Prepping the zucchini
Wash and pat dry the zucchini.
Shred the zucchini and squeeze the shredded zucchini until it feels almost dry to the touch.
Set aside.
Making chia gel
To the bowl of your stand mixer, add chia seeds and oat milk.
Mix well and let it sit for 10 minutes.
After 10 mins, the seeds would have bloomed and the mixture will be gelatinous.
This is our chia gel.
Preheating
While the chia sits, preheat the oven to 180 C or 350 F.
Grease a 9 by 5 loaf pan and line it with parchment paper. Set aside.
Wet ingredients
Now, add the oil, agave, jaggery powder and vanilla, shredded zucchini to the bowl.
Attach the whisk attachment to the mixer.
Whisk the mixture until it is well incorporated.
Mixing wet and dry ingredients
Tip in the dry ingredients to the wet mixture and whisk well until you see no streaks of flour.

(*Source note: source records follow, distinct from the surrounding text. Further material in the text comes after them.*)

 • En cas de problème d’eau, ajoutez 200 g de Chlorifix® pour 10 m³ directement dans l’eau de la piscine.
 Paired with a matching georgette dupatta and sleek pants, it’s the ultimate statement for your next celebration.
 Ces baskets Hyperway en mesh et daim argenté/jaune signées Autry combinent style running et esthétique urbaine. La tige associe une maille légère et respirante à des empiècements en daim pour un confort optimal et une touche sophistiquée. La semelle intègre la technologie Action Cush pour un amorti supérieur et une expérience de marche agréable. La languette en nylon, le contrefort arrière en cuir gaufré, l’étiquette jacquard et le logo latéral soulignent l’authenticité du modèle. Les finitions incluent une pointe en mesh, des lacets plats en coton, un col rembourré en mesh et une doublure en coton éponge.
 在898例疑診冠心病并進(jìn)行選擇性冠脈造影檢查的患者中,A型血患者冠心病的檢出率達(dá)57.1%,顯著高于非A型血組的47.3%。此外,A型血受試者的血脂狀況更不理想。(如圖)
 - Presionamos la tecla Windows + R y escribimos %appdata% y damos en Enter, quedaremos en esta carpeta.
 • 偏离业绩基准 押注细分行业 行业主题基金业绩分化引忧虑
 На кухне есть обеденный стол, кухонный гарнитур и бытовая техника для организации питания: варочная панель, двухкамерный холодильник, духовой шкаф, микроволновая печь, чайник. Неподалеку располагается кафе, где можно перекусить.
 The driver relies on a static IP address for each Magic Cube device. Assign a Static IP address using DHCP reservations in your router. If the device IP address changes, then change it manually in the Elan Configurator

When done, add the nuts and seeds.
Using a silicone spatula, gently fold the nuts into the batter.
Baking the bread
Pour the batter into the lined loaf pan.
Bake in a preheated oven at 350 F (180 C) for 40 minutes or until a toothpick inserted comes out clean.
Slicing
When the bread is done baking, let it cool on a wire rack.
Wait for the bread to cool completely.
Invert the bread upside down and slice through with a serrated knife.